In practice, the common patterns (inline callbacks, direct calls, pipe chains) are handled correctly. The main gap is function references passed to higher-order functions — a pattern that can be worked around by inlining the callback or adding explicit annotations.

## Future work

### Effect polymorphism

The current parameter bounds system requires concrete effect sets. A polymorphic system would allow effect variables:

```
effects map(f: [e]) : [e]
```

This would let one signature express that `map` propagates whatever effects its callback has, eliminating the need for per-use-case annotations. The checker would need effect unification — at each call site, bind `e` to the concrete effects of the argument and propagate upward.

### Typed AST integration

The root cause of most limitations is the lack of type information. If the Gleam compiler exposed typed AST metadata (expression types, resolved function references), graded could:

- Track effects of function references passed as values (knowing that `io.println` in `list.map(items, io.println)` is a function with `[Stdout]`)
- Resolve field calls without requiring explicit type annotations on parameters
- Eliminate false `[Unknown]` results from indirect calls

These two features — effect polymorphism and typed AST access — together would close the remaining soundness gaps and bring graded from syntax-level approximation to a complete effect system.

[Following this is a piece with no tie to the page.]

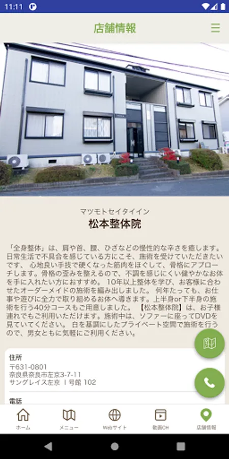 The map of the store is displayed and it is linked with the map app, so you can easily find it even when you visit the store for the first time.

### Privacy and information flow checking

The next major feature is **lattice-based privacy tracking** — preventing sensitive data (PII, credentials) from flowing into logs, error messages, or third-party services.

Both checkers share the same theoretical foundation: graded modal type theory (see [THEORY.md](./THEORY.md)). Effects use sets with union; privacy uses lattices with join.